For an Indo-European linguistic tree (47), a genetic tree of Indo-European-speaking populations, and a neighbor-joining tree of the geographic distances between language locations, we estimated the probability of phoneme presence at two internal nodes. Fig. 4 A–C illustrates the results of ancestral character estimation for an example phoneme, /ʈ/. We then compared these ancestral character estimates to the phoneme inventories of well-studied ancient languages for which primary sources exist: we used Vulgar Latin phonemes to approximate the phoneme inventory ancestral to modern Romance languages (48, 49) and Vedic Sanskrit phonemes to approximate the phoneme inventory ancestral to modern Indo-Aryan languages (50). For phoneme inventories in both databases, the cognate-based phylogeny (47), a geographic tree, and a genetic phylogeny gave similar predictions of the phoneme inventories of Vulgar Latin and Vedic Sanskrit (Table 1). The prediction of phoneme presence/absence with the ancestral character estimation algorithm was consistent with published sources for 67–88% of phonemes. Of the phonemes in published inventories that were accurately predicted by ancestral character estimation, most (53–94%) were predicted by multiple trees (SI Appendix, Fig. S8). In addition, each tree gave similar estimates for relative rates of phoneme change (Fig. 4D).

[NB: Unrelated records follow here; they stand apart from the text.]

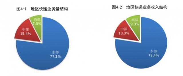 1-7月,東、中、西部地區(qū)快遞業(yè)務(wù)量比重分別為77.1%、15.4%和7.5%,業(yè)務(wù)收入比重分別為77.4%、13.3%和9.3%。與去年同期相比,東部地區(qū)快遞業(yè)務(wù)量比重下降1.5個百分點,快遞業(yè)務(wù)收入比重下降1.1個百分點;中部地區(qū)快遞業(yè)務(wù)量比重上升1.2個百分點,快遞業(yè)務(wù)收入比重上升0.6個百分點;西部地區(qū)快遞業(yè)務(wù)量比重上升0.3個百分點,快遞業(yè)務(wù)收入比重上升0.5個百分點。
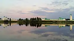 Both monastery compounds as seen from the Lake Roshchinskoye
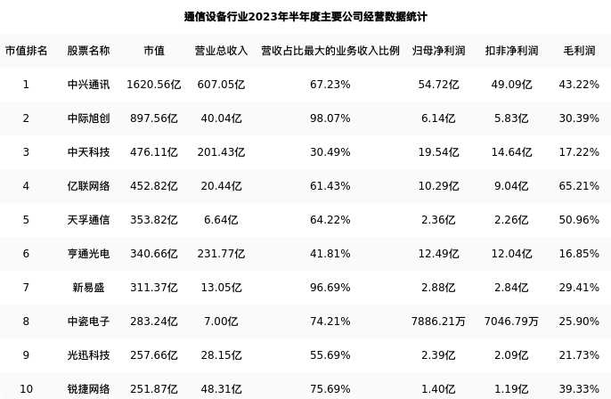 中兴通讯最新报告期数据为半年度,下表汇总了通信设备行业内市值靠前的公司半年度主要经营数据
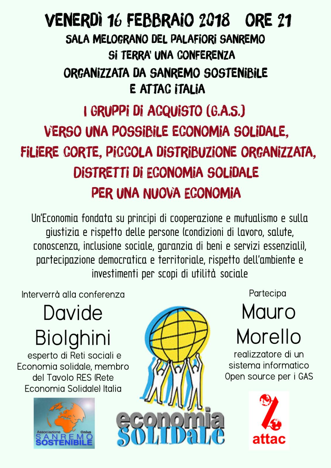 Venerdì 16 febbraio, alle ore 21, si terrà a Sanremo la conferenza sui Gruppi d’Acquisto Solidale (G.A.S.) organizzata da SANREMO SOSTENIBILE ONLUS e ATTAC presso la sala Melograno del Palafiori.
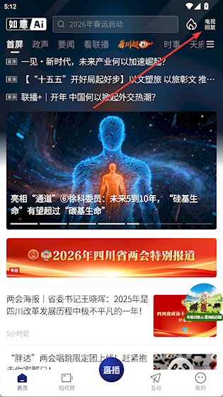 1、在首页点击右上角电视回放
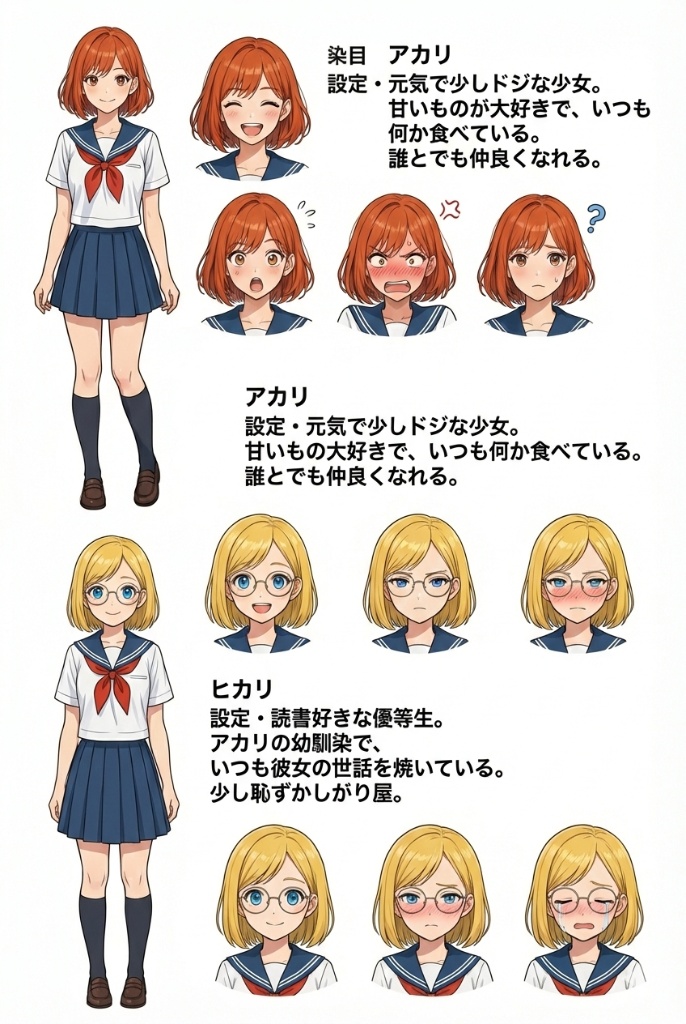 これを全コマのプロンプトに強制的に埋め込むことで、AIがどれだけ暴走しようとも、キャラクターの造形だけは「物理的に」固定される仕組みです。
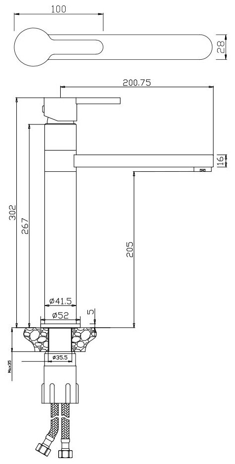 | Диаметр отверстия в раковине | 32-35 |
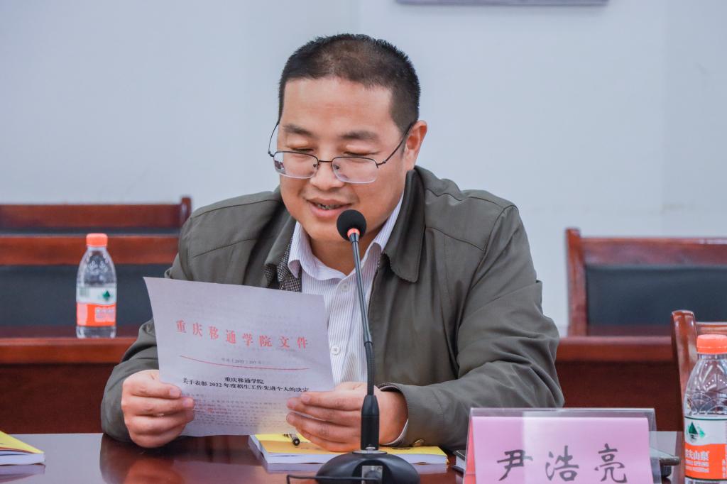 校长助理尹浩亮宣读了关于表彰2022 年度招生工作先进个人的决定,并向荣获招生先进个人代表举行了颁奖仪式。
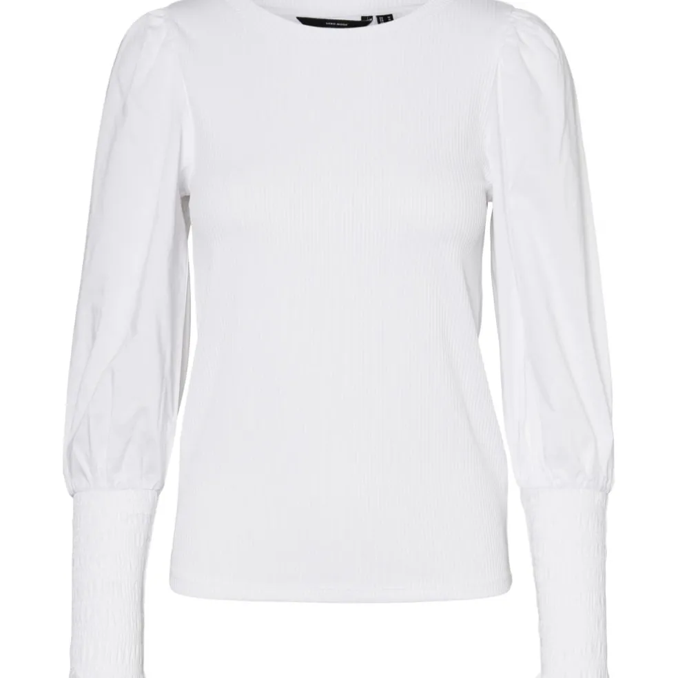 Super fin langærmet bluse fra Vero Moda med rund hals og pufærmer. Blusen kan styles til et par jeans og støvler.
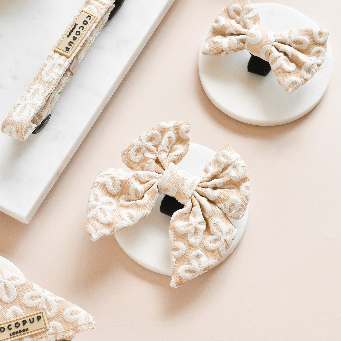 The Cocopup London Sage Tweed Bow Tie is a stylish accessory for your four-legged friend. Made of polyester fabric and with a neutral colour scheme, this bow tie has a Velcro fastening for easy use. Matching accessories are available to complete the look.

Differences among populations in both phonemes and allele frequencies were strongly correlated with geographic distance. Furthermore, phonemes showed an association with geographic distance regardless of language classification but did not show the strong signatures of ancient population divergence found in genetic data. This suggests that phoneme inventories are affected by recent population processes and thus carry little information about the distant past (e.g., ref. 23); in contrast to genes, phoneme inventories in our analyses did not follow the predictions of a serial founder effect out of Africa. We also pinpoint where differences between genes and languages occur, both geographically and by characteristics of the surrounding populations. Our findings suggest that geographic isolation has different effects on genes and phonemes. Languages with fewer neighboring languages were more phonemically different from their neighbors than those with more neighbors, and geographically isolated populations may gain phonemes while losing genetic variation. In addition, ancestral phoneme inventories estimated along genetically, geographically, and lexically determined phylogenies produced similar results (Table 1).

Creanza, Nicole, et al. "A comparison of worldwide phonemic and genetic variation in human populations." Proceedings of the National Academy of Sciences (2015): 201424033.